In holding that the AAO erred in categorically prohibiting all culturally-acquired knowledge supporting a specialized knowledge determination, the DC Circuit noted that:
  • USCIS did not provide a reasoned analysis of why "specialized knowledge" bars all knowledge acquired through one's culture and life experience.
  • Nothing in the statute excludes culturally-acquired knowledge as a form of "specialized knowledge."
  • While the mere status of being from a region alone is not "specialized knowledge," actual knowledge acquired through culture and experience may distinguish the individual from other employees who must learn those skills.
  • Evidence showed that Gasparetto gained much of his relevant skills through experiences participating in churrasco in Brazil.
  • A lack of express reference to culture in the L-1B visa program does not mean that culture cannot be considered when determining "specialized knowledge."
  • The AAO departed from policy guidance and rejected Fogo de Chao's relevant evidence of the economic inconvenience that would result from the rejection of Gasparetto's visa.
  • Fogo de Chao's arguments that the AAO's decision was inconsistent with previous USCIS decisions or precedent were without merit because:
    • although Fogo de Chao argued that the over 200 other visas approved featured similar circumstances, it did not provide evidence to prove that point;
    • approval of a visa application on one occasion does not create entitlement to further approvals; and
    • Fogo de Chao did not demonstrate how prior interpretations of the specialized knowledge standard differed from the AAO's interpretation in this case.
The DC Circuit noted that:
  • The AAO did not provide substantial evidence to support its conclusion that Gasparetto did not complete the necessary training program.
  • An agency may not ignore uncontradicted evidence without explanation.
  • The AAO's factual conclusions that a churrasqueiro does not require specialized knowledge were remanded for further explanation.
  • Fogo de Chao did not adequately prove that USCIS's decision-makers prejudged the Gasparetto decision, as it based its claim on an isolated statement in a court filing reciting the agency's litigation position.

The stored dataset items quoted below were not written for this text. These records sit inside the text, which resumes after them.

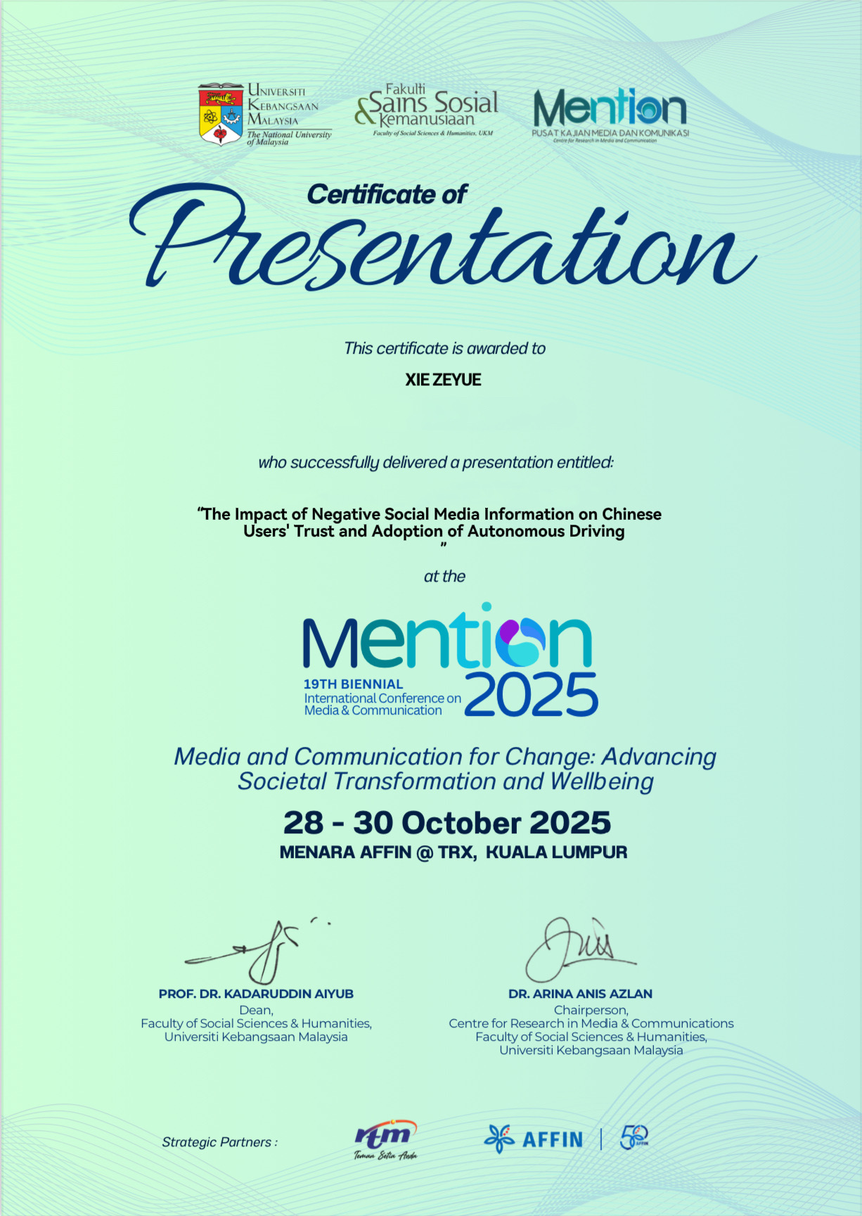 10月28-30日,第19届《国际媒体与传播会议(MENTION2025)》在马来西亚吉隆坡隆重举行。人文学院教师谢择月受邀出席此次会议并作题《The Impact of Negative Social Media Information on Chinese Users' Trust and Adoption of Autonomous Driving》(负面媒体对中国用户信任和接受自动驾驶技术的影响)的学术发言。
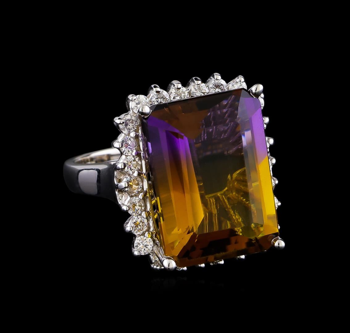 One electronically tested 14KT white gold lady's cast fashion ring with a basket halo with a bright polish finish. The featured lady's ring has a shank measuring 2.76 millimeters in width. Identified with markings of "14K". Condition is new, good workmanship. Containing: One prong set emerald step cut natural ametrine quartz, measuring 16.25 x 12.24 x 7.63mm, (depth est.) 2%. bulge factor, approximate weight of 11.18ct., clarity is eye clean, medium, moderately strong, purple color, (GIA P 5/4) to medium, moderately strong, yellowish orange, (GIA yO 5/4), cut is very good. Transmitting light with no distortion, transparent. Colored gemstones are presumed to have been subjected to commonly used enhancement processes. Graded in the setting. Twenty-Six prong set round brilliant cut diamonds, measuring 2.00 - 1.90 x 1.21mm (depth est.) approximate total weight of 26 Stones = 0.72ct. Graded in the setting. Clarity: SI-1 to SI-2. Color: H - I. Cut Good. Total Weight of Colored Stones 11.18ct. Total Weight of Diamonds 0.72ct. Total Weight of Ring 8.40gm. GAS Appraised.
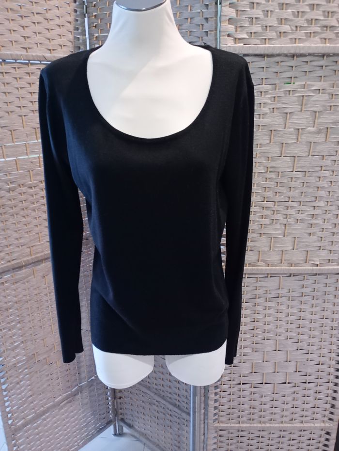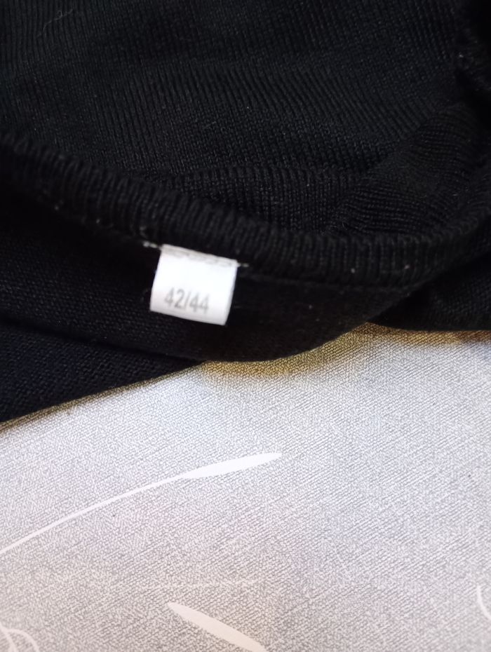 Pull noir, classique. Taille : 42/44. Pas de marque. Longueur : 64 cm Largeur entre aisselles : 56 cm Longueur manches : 67 cm Très bonne état

  • It could not affirm the AAO's decision because USCIS's inadequate reasoning precluded the court from finding that the agency would have resolved the Gasparetto petition in the same manner minus its errors.

Practical Implications

USCIS has applied increasingly strict scrutiny on L-1B petitions over the past several years, resulting in a lack of clarity and understanding of what actually qualifies as "specialized knowledge." In this case, the DC Circuit held that there was insufficient evidence to ban cultural background and life experiences from constituting "specialized knowledge" for the purposes of receiving L-1B status. In addition, the DC Circuit calls upon USCIS to follow its own guidance memoranda, particularly the Puleo and Ohata Memoranda, in interpreting the specialized knowledge category, and requires USCIS to apply greater analysis than merely repeating the agency's regulations, which simply echo the statute. Employers that petition for L-1B workers can look to this decision for guidance on what might fall under the umbrella of specialized knowledge.